→ **PROBLEM DETAILS**
In the records below, the lines between the one holding "Helm navigation electronics" and the one holding "Tapi jangan lupa", inclusive, are to be transcribed exactly; no pictures are to be included.

[Entries taken from a collection]
- Opening Delimiter -
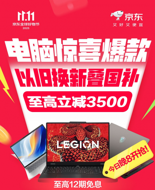 10月9日晚8点,京东11.11正式开启,现货开卖无须等。为让更多消耗者随意换新电脑,京东11.11推出万台电脑每晚8点5折秒杀、爆款电脑以旧换新叠国补至高立减3500元的福利,还可享至高12期免息,让消耗者焕新电脑、平板、DIY、学习机、电子评释注解、机器东说念主等好物合算又定心。岂论您是硬核游戏玩家、高效学习东说念主士,依然前沿科技心疼者,都能抢先在京东11.11找到中意之选。来京东11.11选购电脑居品,专科严选,又好又低廉!
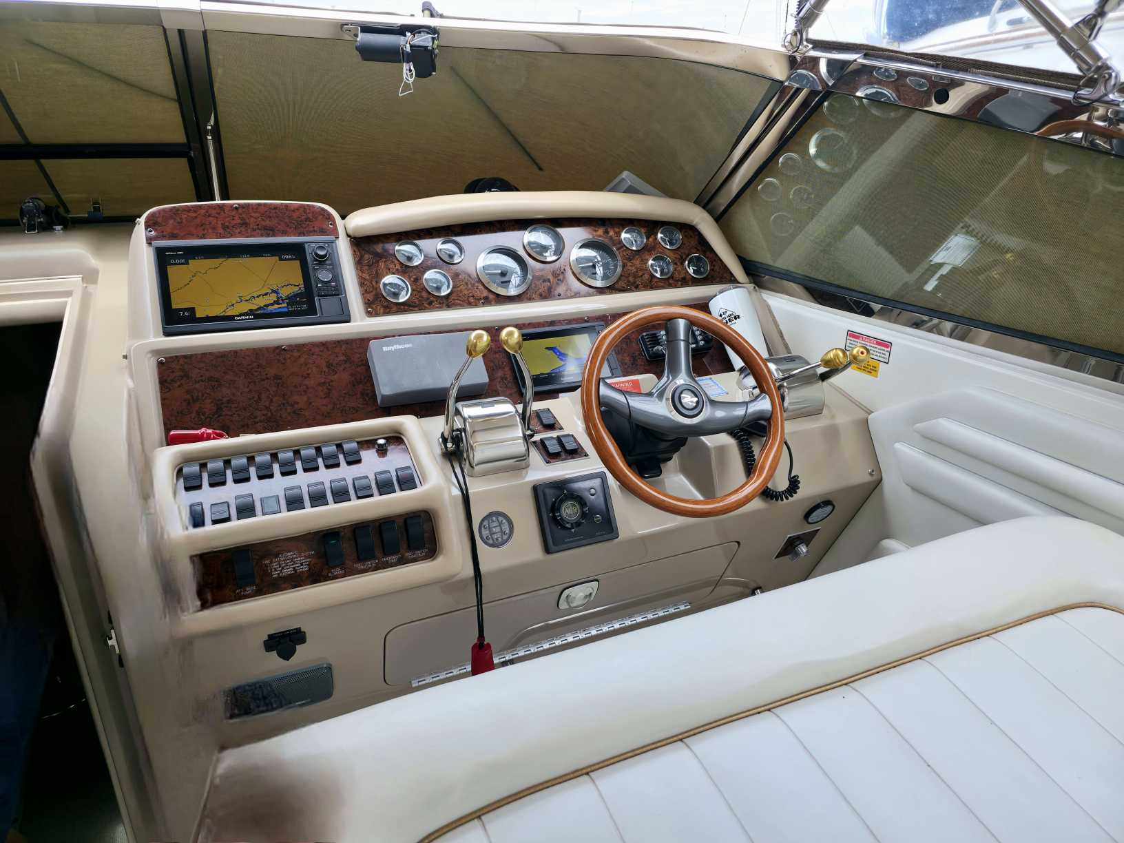 Helm navigation electronics include 2x Garmin chartplotters, sonar (fish finder), and radar. Everything you need to safely travel day or night.
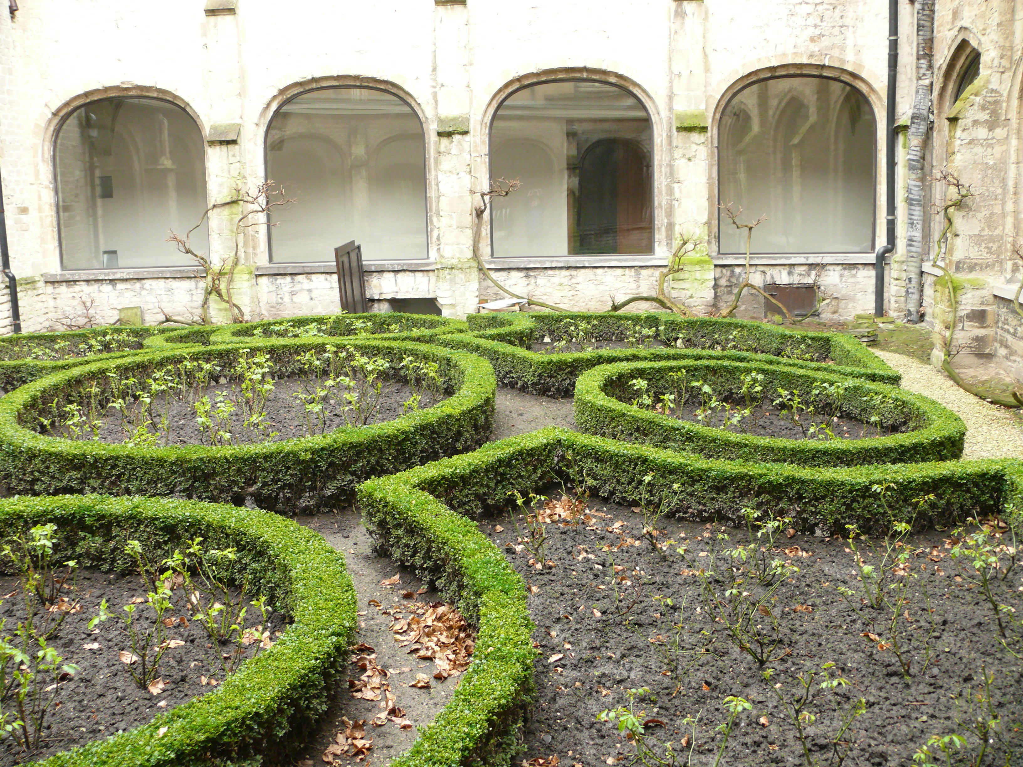 Oudenaarde Sint-Walburgastraat Broderieparterre met randpalmaanplanting
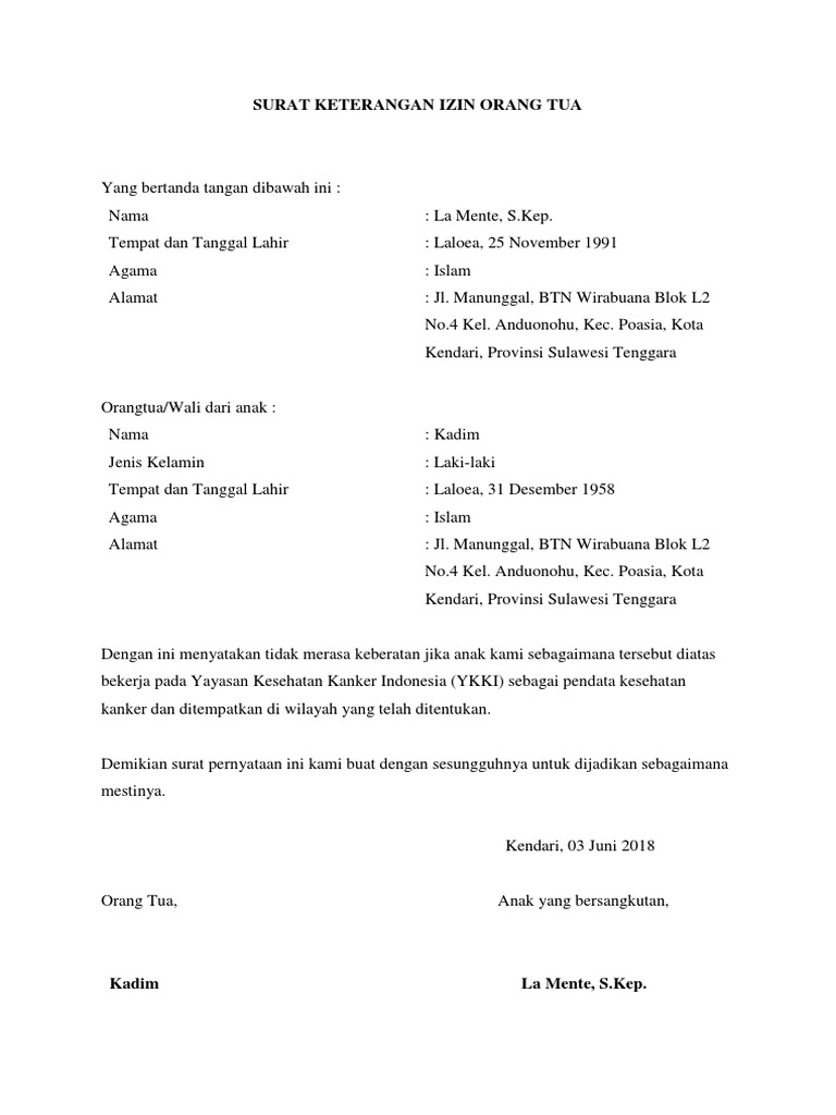 Tapi jangan lupa untuk membuat surat izin. Contoh surat keterangan orang tua. Penutup penutup surat biasanya berisi ucapan terima kasih dan salam penutup. 11 contoh surat keterangan kerja. Surat keterangan izin orangtuauntuk bekerja pada.
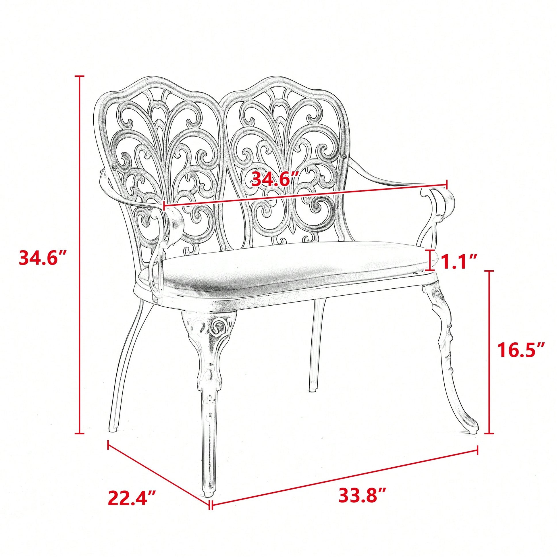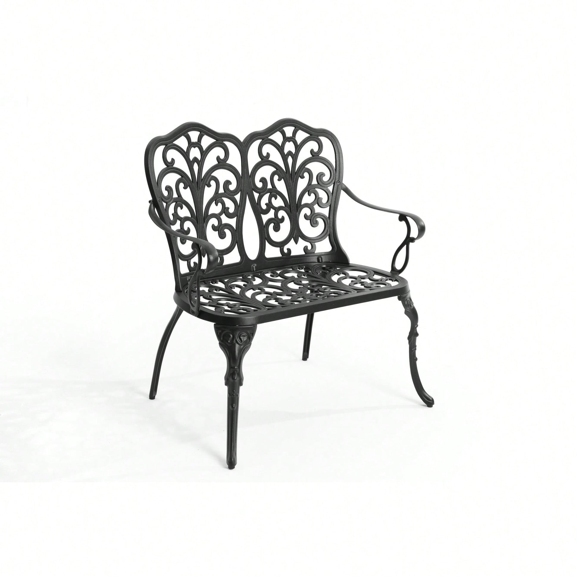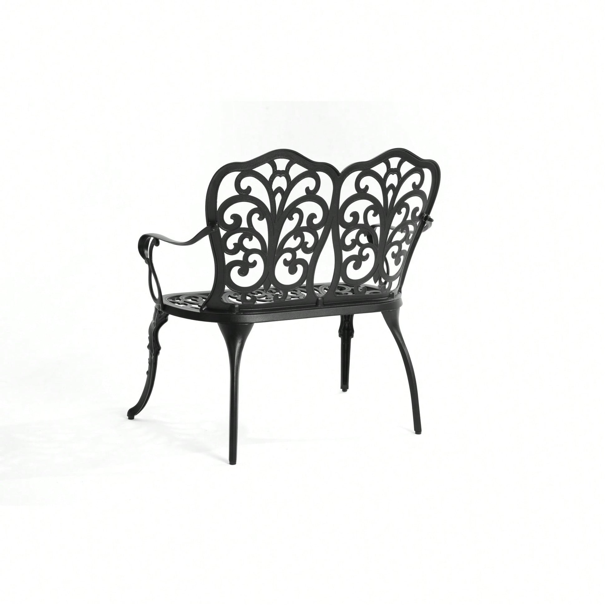 1. Features - Made from durable cast aluminum for long-lasting use - Elegant floral rose design enhances outdoor decor - Ergonomically designed for comfort during extended seating - Suitable for various outdoor settings including patios, parks, and yards - Rust-resistant finish ensures durability against the elements 2. Product Description This metal park bench is crafted from high-quality cast aluminum, providing a sturdy and durable seating option for any outdoor space. The intricate floral rose design adds a touch of elegance, making it a perfect addition to your patio, lawn, or garden. Its ergonomic structure ensures comfort, allowing you to enjoy your outdoor environment for longer periods. The bench is designed to withstand various weather conditions, thanks to its rust-resistant finish, making it a reliable choice for outdoor furniture. Specifications: - Material: Cast Aluminum - Color: Black
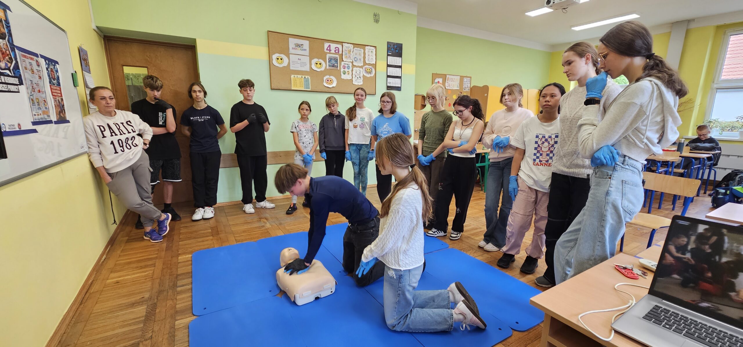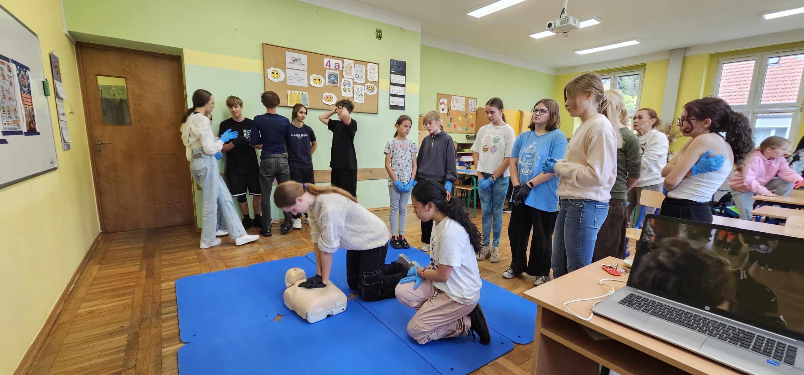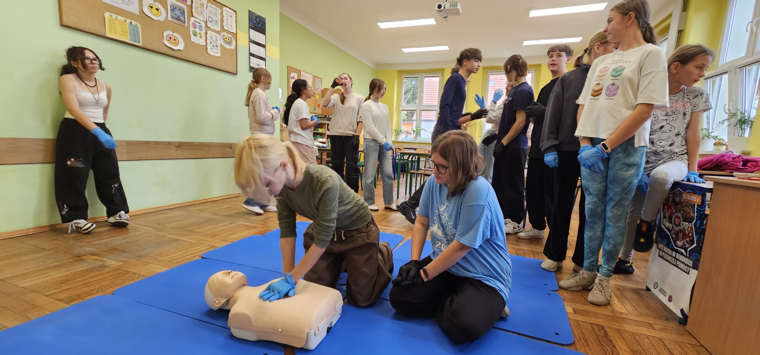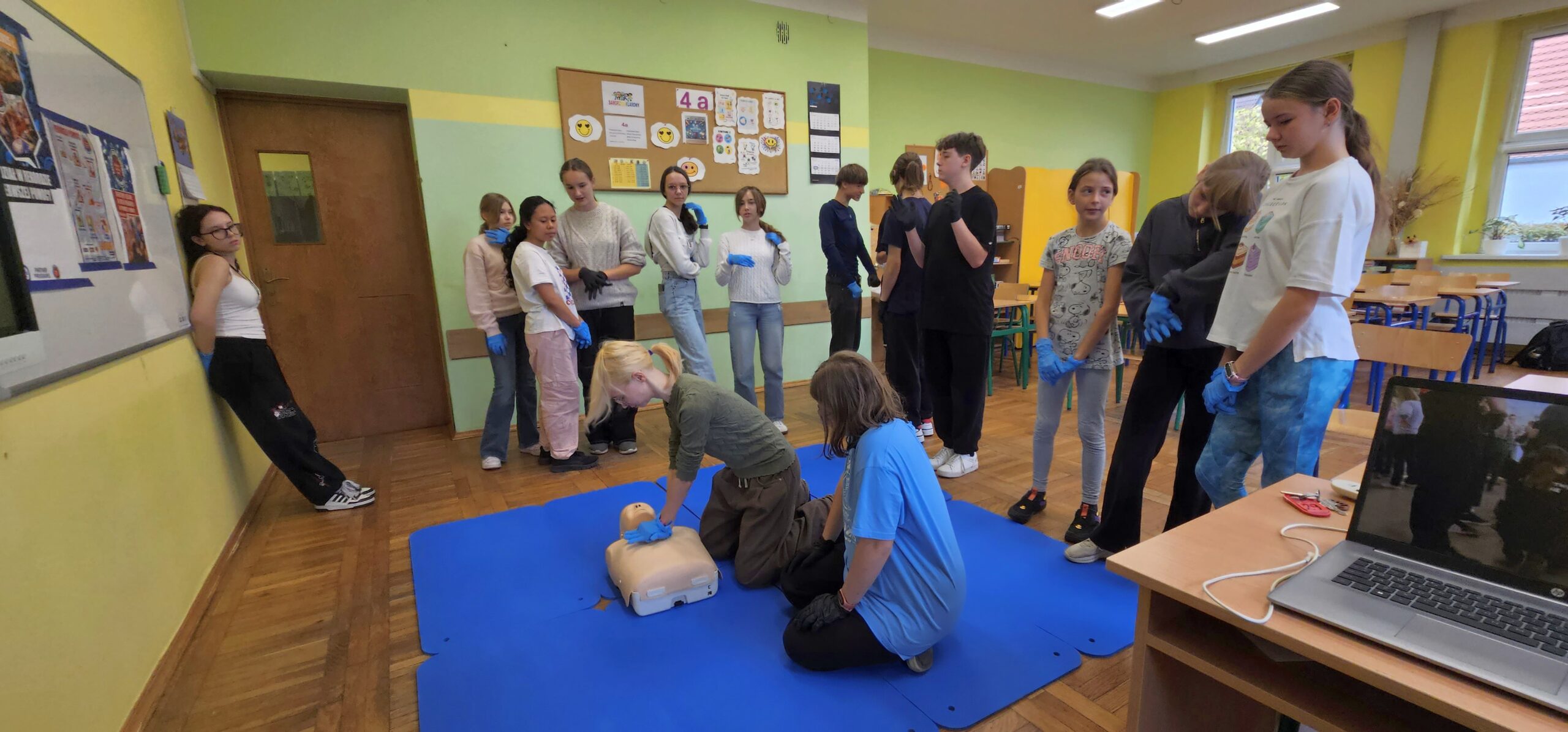 Tego dnia uczniowie klas 4a, 8a, 8b i 8c – pod opieką nauczycielki, p. Anety Stec – ćwiczyli resuscytację krążeniowo-oddechową (RKO), ucząc się, jak ratować ludzkie życie.
- Closing Delimiter -
→ **RESULT OF THE TASK**
 Helm navigation electronics include 2x Garmin chartplotters, sonar (fish finder), and radar. Everything you need to safely travel day or night.
 Oudenaarde Sint-Walburgastraat Broderieparterre met randpalmaanplanting
 Tapi jangan lupa untuk membuat surat izin. Contoh surat keterangan orang tua. Penutup penutup surat biasanya berisi ucapan terima kasih dan salam penutup. 11 contoh surat keterangan kerja. Surat keterangan izin orangtuauntuk bekerja pada.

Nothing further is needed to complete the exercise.